The problem:
Using the listing below, output only the lines from the one that contains "2025-1119日新高爆量上漲股 2025-11-19 股狗網小編" through the one that contains "Speed | Distance |", inclusive, exactly as given and without images.

Material for the task:

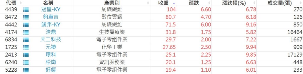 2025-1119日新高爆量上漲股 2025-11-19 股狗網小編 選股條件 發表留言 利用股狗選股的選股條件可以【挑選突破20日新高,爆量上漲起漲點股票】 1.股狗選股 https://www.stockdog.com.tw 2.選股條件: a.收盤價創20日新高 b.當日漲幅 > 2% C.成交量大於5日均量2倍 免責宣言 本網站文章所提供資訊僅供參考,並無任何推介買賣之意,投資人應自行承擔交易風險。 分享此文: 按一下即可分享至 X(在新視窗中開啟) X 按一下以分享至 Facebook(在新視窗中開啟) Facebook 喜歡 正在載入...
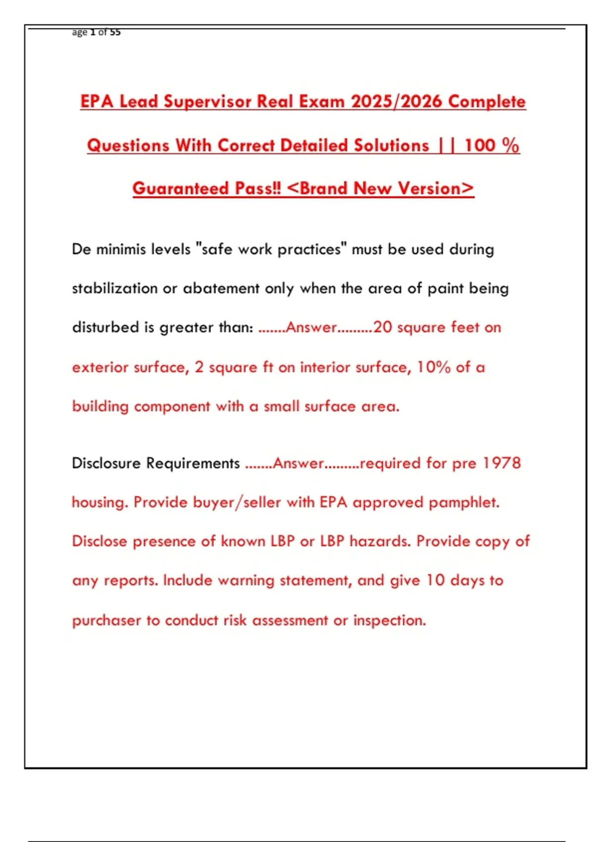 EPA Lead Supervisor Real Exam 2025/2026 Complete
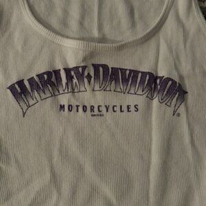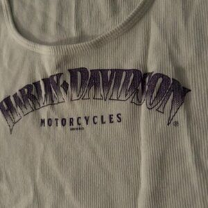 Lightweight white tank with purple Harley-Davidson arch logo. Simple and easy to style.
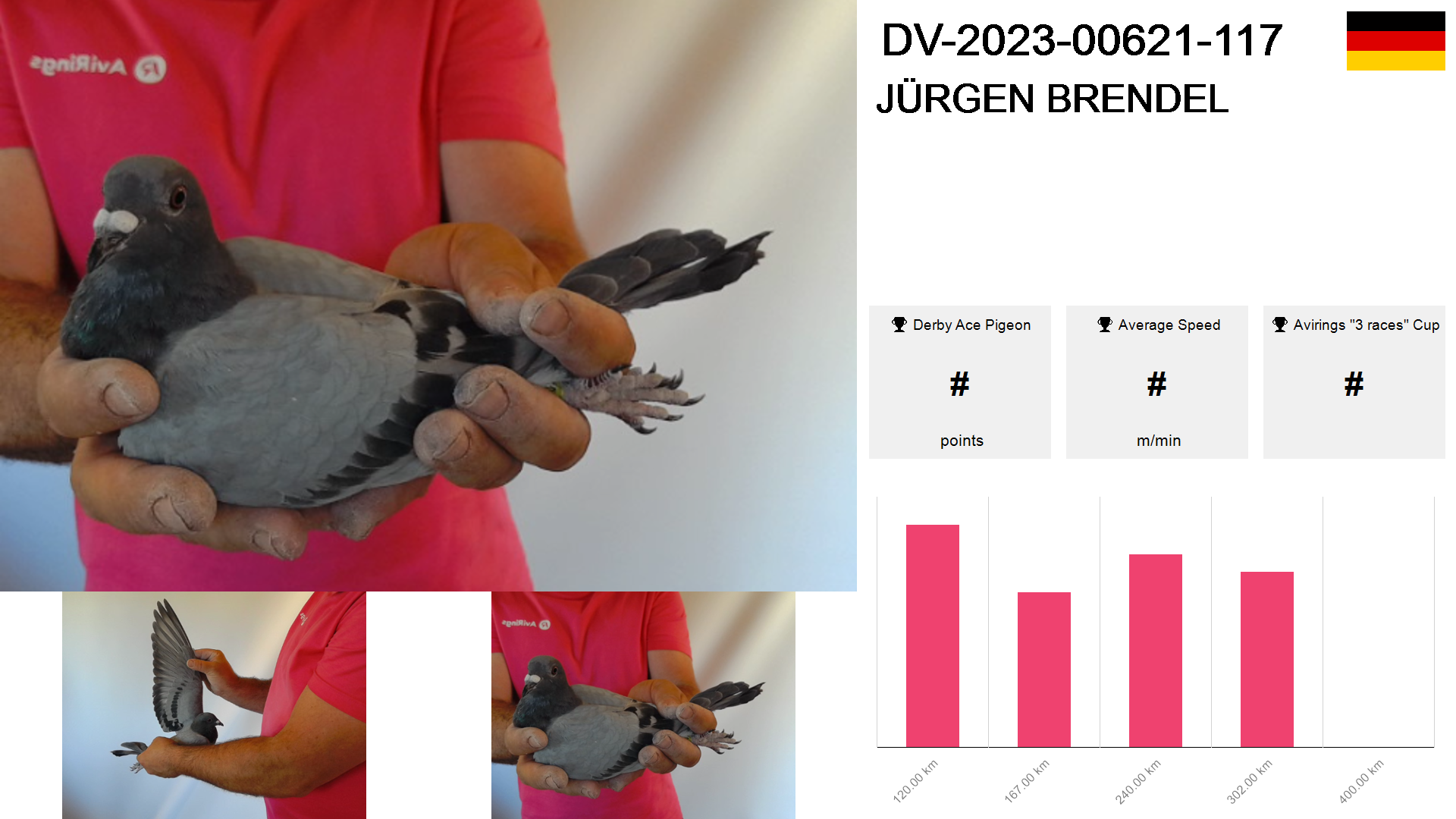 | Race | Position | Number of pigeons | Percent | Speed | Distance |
* * *
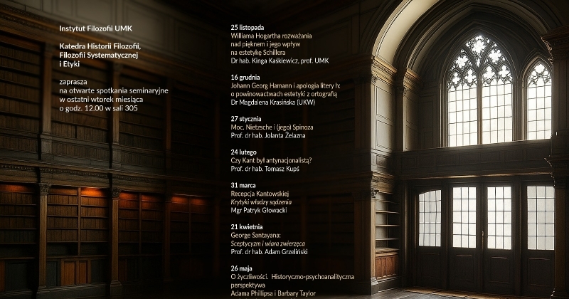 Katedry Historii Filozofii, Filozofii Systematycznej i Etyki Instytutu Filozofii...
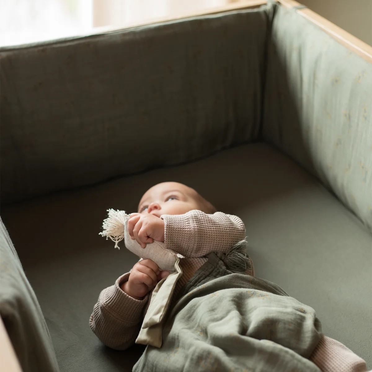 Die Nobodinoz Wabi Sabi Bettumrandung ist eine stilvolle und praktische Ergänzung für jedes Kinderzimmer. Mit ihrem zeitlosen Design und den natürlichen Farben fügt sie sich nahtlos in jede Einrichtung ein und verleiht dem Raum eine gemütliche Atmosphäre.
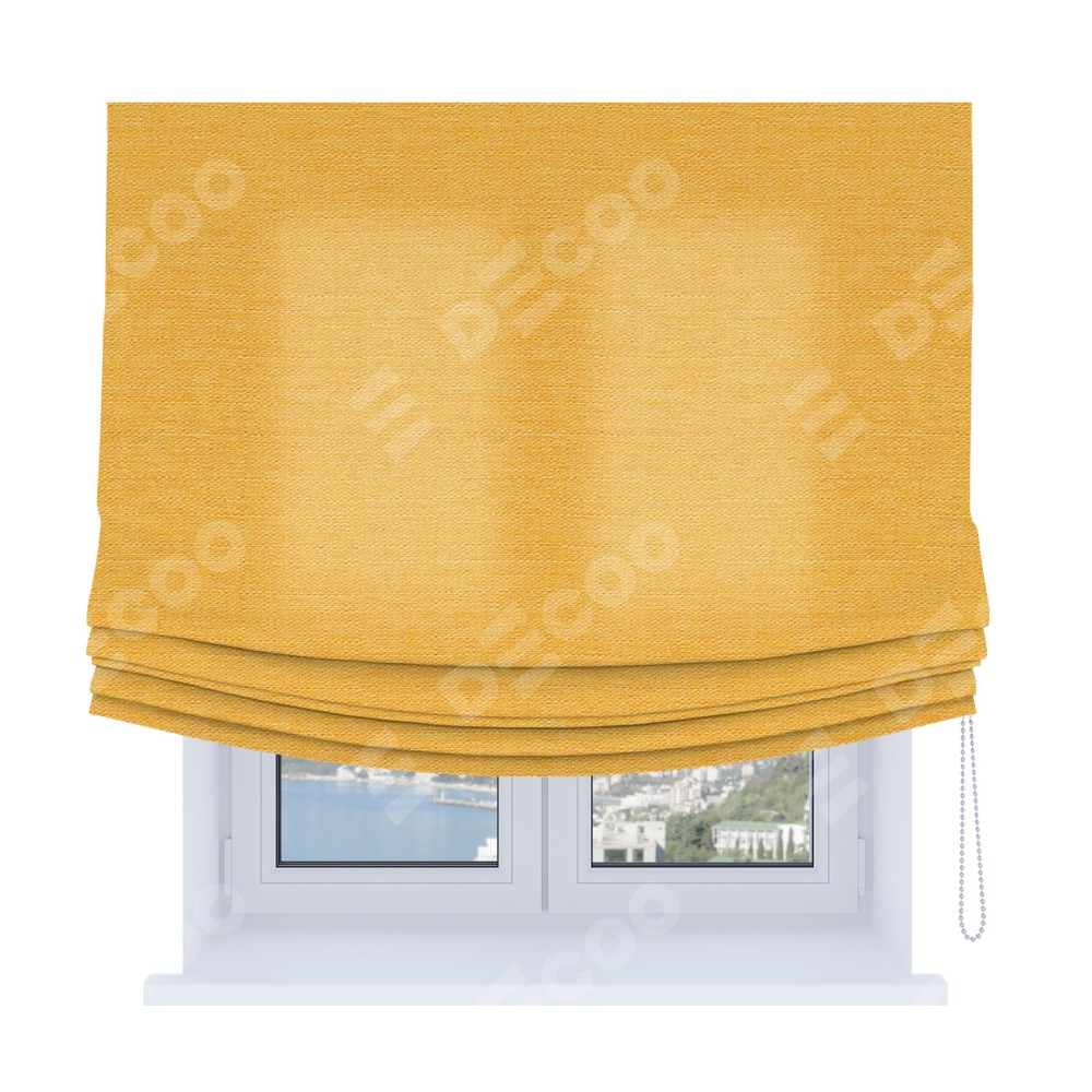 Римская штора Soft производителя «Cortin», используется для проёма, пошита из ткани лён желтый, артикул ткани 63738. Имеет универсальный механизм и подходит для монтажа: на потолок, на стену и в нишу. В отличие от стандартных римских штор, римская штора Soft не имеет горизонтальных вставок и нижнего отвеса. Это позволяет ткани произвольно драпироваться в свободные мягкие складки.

Your solution:
 2025-1119日新高爆量上漲股 2025-11-19 股狗網小編 選股條件 發表留言 利用股狗選股的選股條件可以【挑選突破20日新高,爆量上漲起漲點股票】 1.股狗選股 https://www.stockdog.com.tw 2.選股條件: a.收盤價創20日新高 b.當日漲幅 > 2% C.成交量大於5日均量2倍 免責宣言 本網站文章所提供資訊僅供參考,並無任何推介買賣之意,投資人應自行承擔交易風險。 分享此文: 按一下即可分享至 X(在新視窗中開啟) X 按一下以分享至 Facebook(在新視窗中開啟) Facebook 喜歡 正在載入...
 EPA Lead Supervisor Real Exam 2025/2026 Complete
 Lightweight white tank with purple Harley-Davidson arch logo. Simple and easy to style.
 | Race | Position | Number of pigeons | Percent | Speed | Distance |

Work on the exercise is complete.